Chicago Boy Jonathan Gewirtz quotes Robert L. Bartley in Monday’s Wall Street Journal:
When the government fails in its most basic functions — say, protecting our citizens from foreign enemies — no one at the FBI or CIA loses his job, we all gather around to salute the flag and Washington gives us yet another bureaucracy. But if business stumbles — say a minor recession and the collapse of stock values many had thought inflated — businessmen are hauled into court and the air is full of proposals for “reform.”

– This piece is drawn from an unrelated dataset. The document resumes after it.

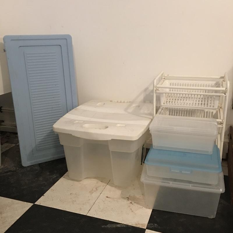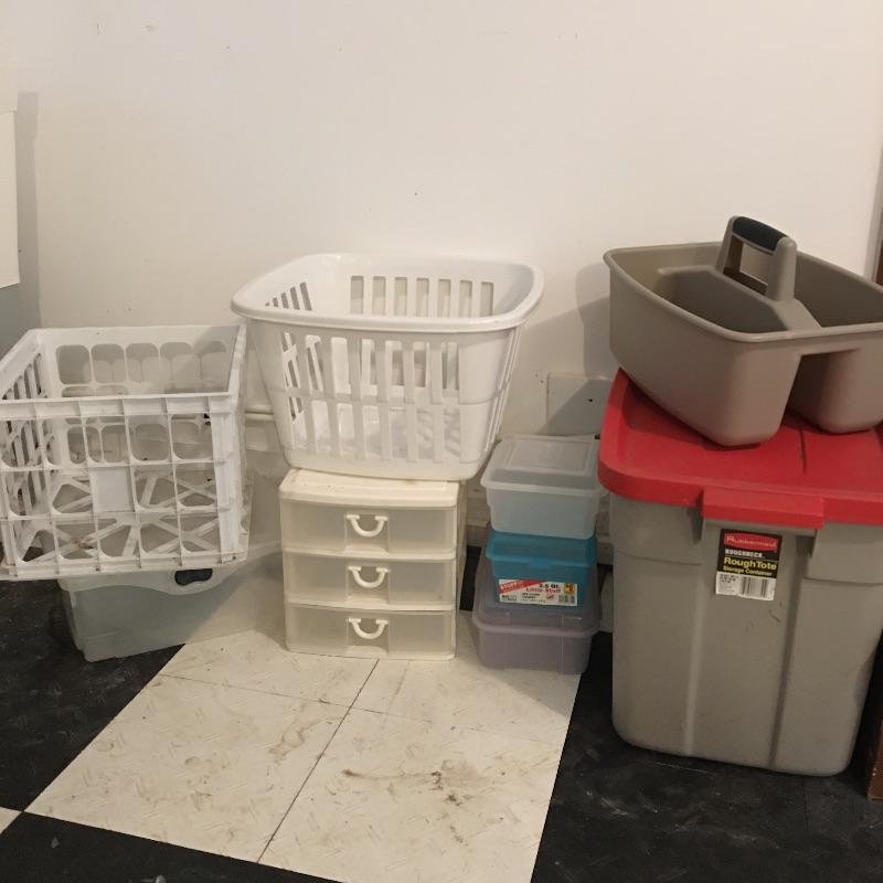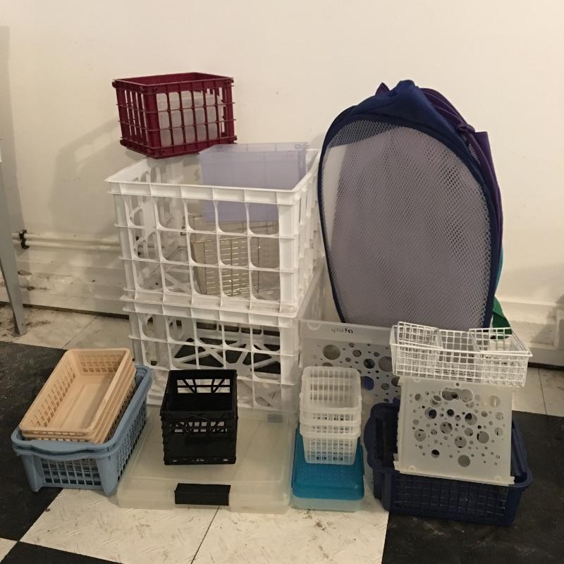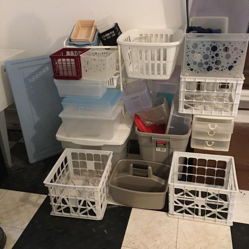 A solution for most every storage need with this collection of plastic storage that includes crates, boxes with lids, boxes with drawers, baskets in a rack, cloth folding baskets, small metal trays, mini baskets and more. Largest storage box measures 21” x 24” x 15”.

I agree that there should be consequences when government fails, and indeed one of the many reasons to be skeptical of the Department of Political Cover Security is the fact that no one has been made to fall on his or her sword for the myriad of screwups that have been uncovered so far. However, it’s a bit disingenuous to suggest that businessmen suffer where bureaucrats don’t. You can oversee large losses and a dive in your stock price, get investigated for illegal market manipulation which causes your stock to fall farther, leave employees with the specter of layoffs and yet still stand to walk away with 33 million dollars. Dynegy and its employees and shareholders may take it in the shorts, but Chuck Watson, who also still owns 15 percent of the Houston Texans, will retire in style. I say that’s more the norm than the exception, and I challenge the WSJ to prove otherwise.